A/B Testing

A/B testing lets you run multiple system prompt variants simultaneously and measure which one performs best based on real user feedback and CSAT scores. Iterate on your bot's personality, tone, and instructions with data-driven confidence.

How It Works

1
Create 2 or more prompt variants with different system prompts. Each variant is a complete system prompt that will be used instead of your default.
2
Assign weights to control traffic split (e.g., 50/50 or 70/30). Weights determine what percentage of new conversations see each variant.
3
Each new conversation is randomly assigned a variant based on the weights. Once assigned, the conversation stays on that variant for its entire lifetime.
4
User feedback is attributed to the variant — thumbs up/down on individual messages and CSAT ratings at the session level are all tracked per variant.
5
Compare performance metrics to pick the winner. Review impressions, feedback scores, and CSAT averages side by side.

Creating Variants

Navigate to your bot settings to create and manage A/B test variants. You can also manage variants programmatically via the API.

Each variant requires:

•
Name — A descriptive label (e.g., "Variant A - Formal Tone")
•
System Prompt — The full system prompt for this variant
•
Weight (0–100) — Relative traffic allocation
•
Active toggle — Enable or disable the variant without deleting it

API endpoint: POST /api/c/bots/{botId}/variants

Example Setup

Two variants with a 50/50 split

Variant A - Formal Tone
  System Prompt: "You are a professional customer service agent.
    Always use formal language and complete sentences.
    Address the customer respectfully."
  Weight: 50
  Active: true

Variant B - Casual Tone
  System Prompt: "You are a friendly, approachable assistant.
    Keep your responses casual and conversational.
    Use simple language and feel free to be personable."
  Weight: 50
  Active: true

Metrics Tracked Per Variant

Metric	Description
Impressions	How many conversations used this variant
Thumbs Up	Number of positive message-level feedback ratings
Thumbs Down	Number of negative message-level feedback ratings
CSAT Total	Sum of all session-level satisfaction scores
CSAT Count	Number of sessions that submitted a CSAT rating

Best Practices

Change one thing at a time

Only change one aspect between variants — tone, response length, specific instructions — to isolate what actually makes a difference. If you change multiple things, you won't know which change drove the improvement.

Run tests long enough

Aim for at least 100 conversations per variant before drawing conclusions. Smaller sample sizes can produce misleading results.

Start even, then shift

Begin with a 50/50 split to gather data quickly. Once a winner emerges, shift weight toward the better-performing variant (e.g., 80/20) before fully committing.

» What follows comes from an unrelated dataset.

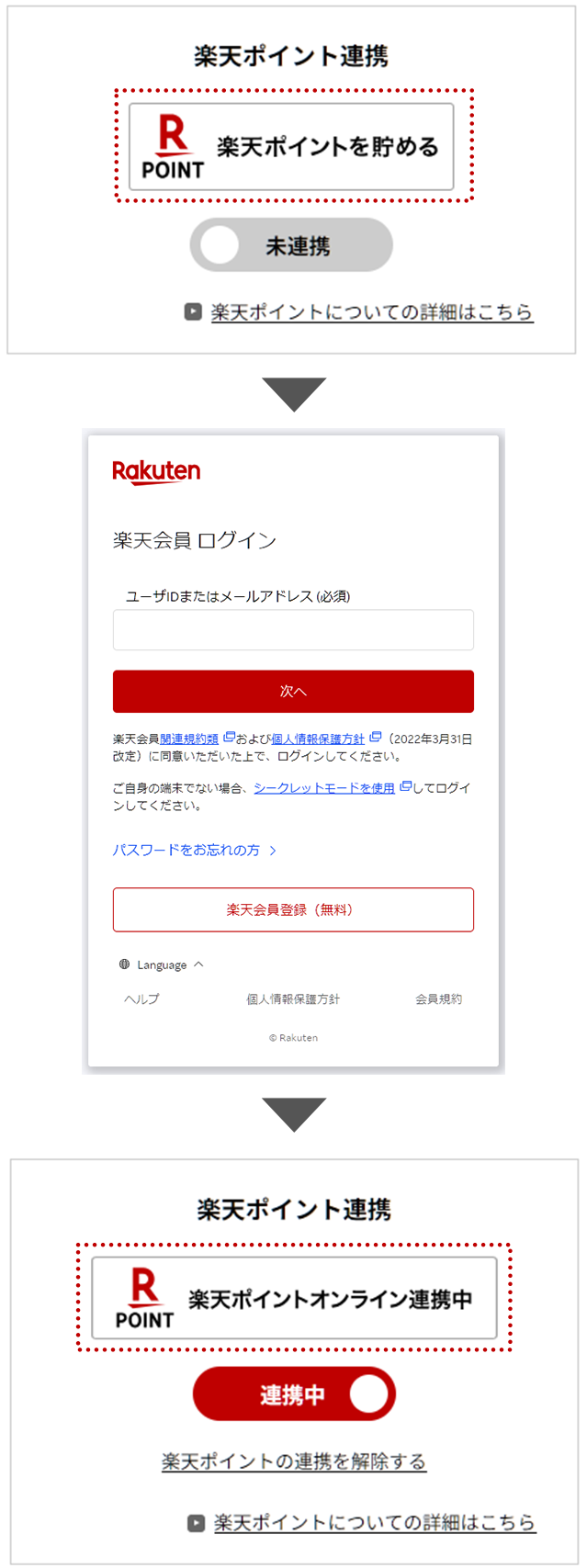 お願いいたします。 - (3)「楽天ポイントオンライン連携中」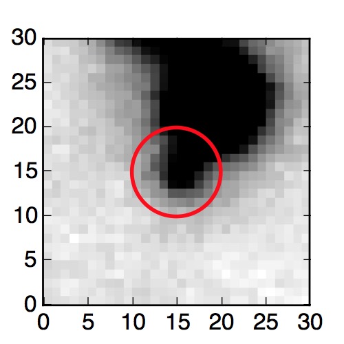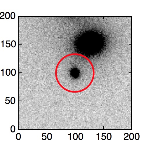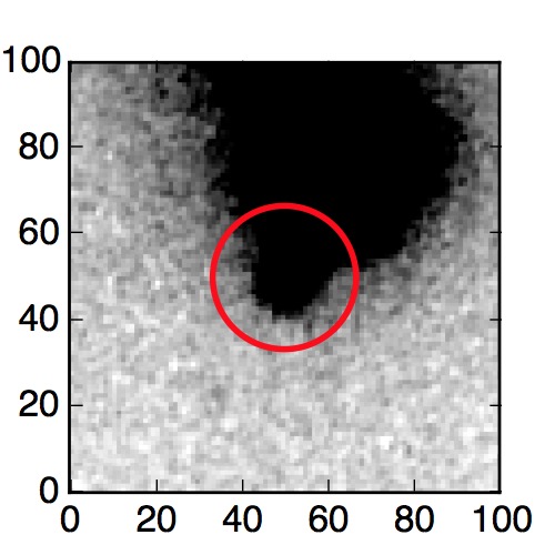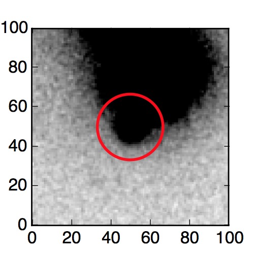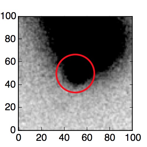 The red circle in the various panels is 1" in radius. The images are 6"x6".

Deactivate losing variants

Set isActive to false on underperforming variants to stop sending traffic to them. Their historical data is preserved for future reference.

When No Variants Exist

A/B testing is entirely optional. When no variants are configured, your bot uses its default system prompt as normal. You can start and stop A/B tests at any time without affecting your bot's standard behavior.